2014-08-27 14:48 GMT+04:00 Dmitry Selyutin <ghostman.sd at gmail.com>:
> Hi, Pedro, Baptiste,
>
> first of all thanks for your congratulations and kind words! The
> project was really harder that anything I've ever met in my life, but
> at the same time it was the most interesting one. :-) And still
> remains! ;-)
>
>> That is not really uncommon :)
> Well, so I can leave it as it is. :-)
>
>> The project does have access to sparc64 machines so if you have some
>> self-contained test we can run it for you or we can test it as a routine libc
>> test after committing.
> Hopefully I can finish it today or in the next two days.
>
>> You never answered my question concerning the fallback options.
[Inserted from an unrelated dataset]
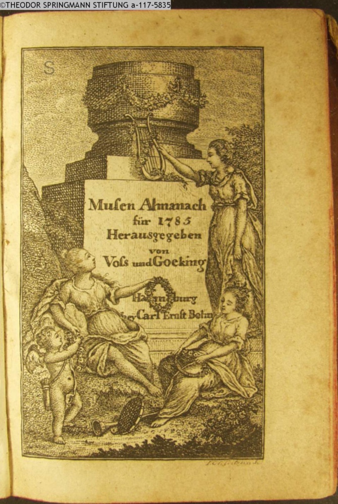 Musen Almanach / für 1785 / Herausgegeben / von / Voss und Goeking / Hamburg / bey Carl Ernst Bohn

> Really? I thought that I answered. :-D Well, I'll try to explain
> again. DUCET seems to be a bit obsolete collation table, which can be
> more or less successfully used with real languages. However, in real
> world it is completely unusable, so ICU and other use CLDR collation
> table, which supports more levels. I started with DUCET since there
> was much more information about it, but then I found that it doesn't
> fit well, so I switched to CLDR. We have DUCET table somewhere in our
> revisions though; as a fallback option, it still may be useful, so I
> can restore it if you want.
>
>> Changing it to use the NetBSD's cdb support[1] shouldn't be difficult.
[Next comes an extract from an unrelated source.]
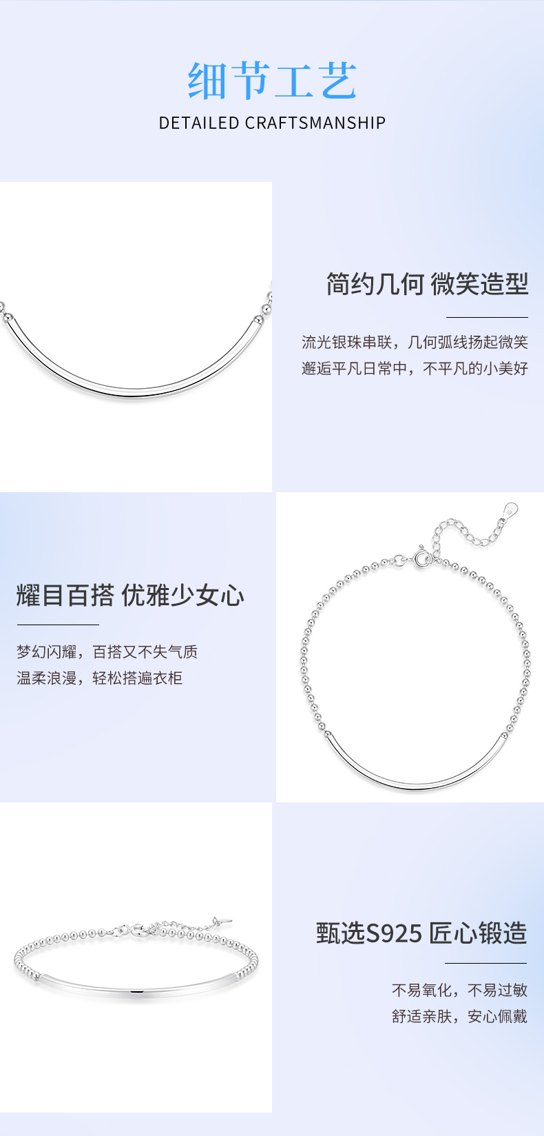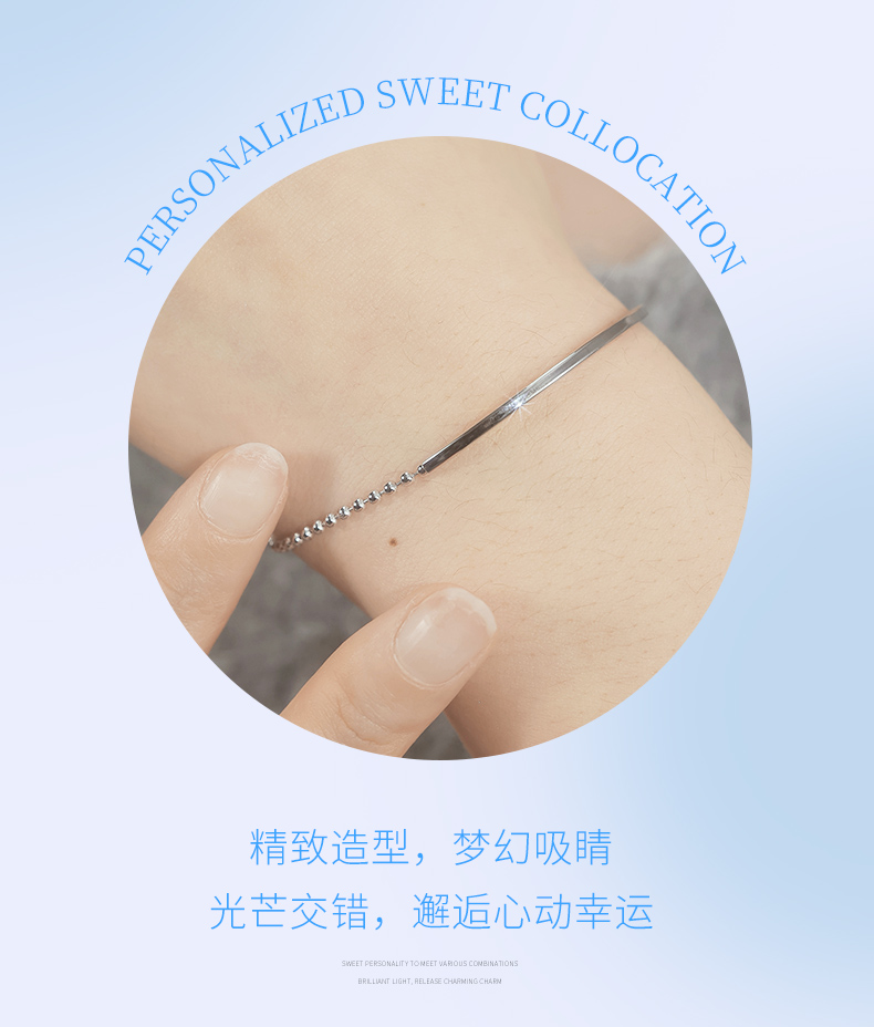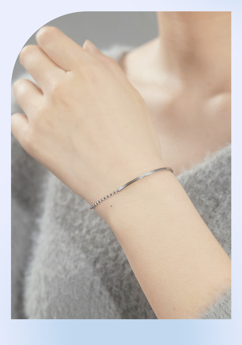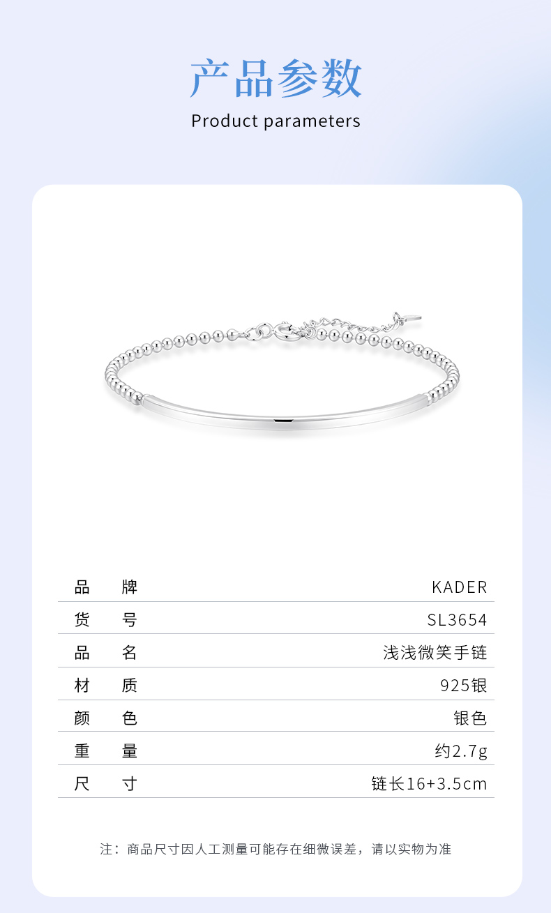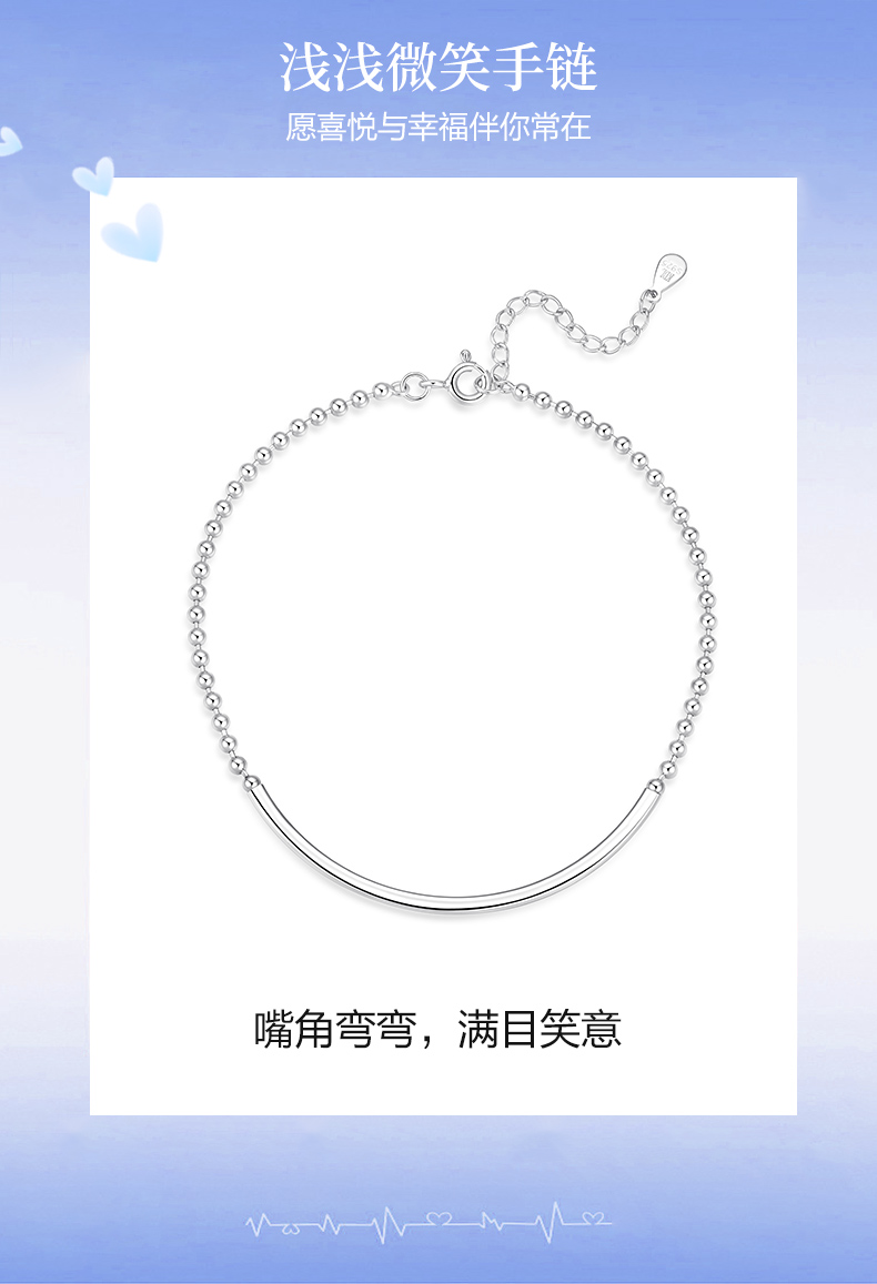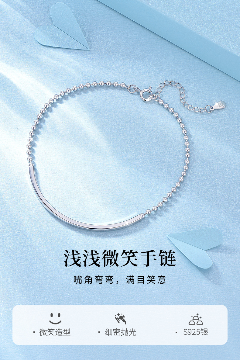 卡蒂罗KADER 微笑镯手链 简约大气小众素链设计高级感微微笑脸百搭可调节拼接链 精致时尚可叠带日常通勤不易撞款 925银 手链 女款 银色

> Well, I think I'll do it right after exams. bdb AFAIK is deprecated
> from Linux (though it can be used as bdb46 or something similar). I
> don't know reasons why they did such thing; it would be great if we
> could use a tool which can be used on different platforms without
> modifications and tons of conditional define's and undef's.
>
>> It has simple API way easier to use, the db format is endian safe and final file
>> is smaller than equivalent in bdb format.
> It sounds great!
>
>> I do want to encourage you to go to EuroBSDCon 2014 in Sofia. The
>> FreeBSD Foundation will be allocating funds for students that want to go.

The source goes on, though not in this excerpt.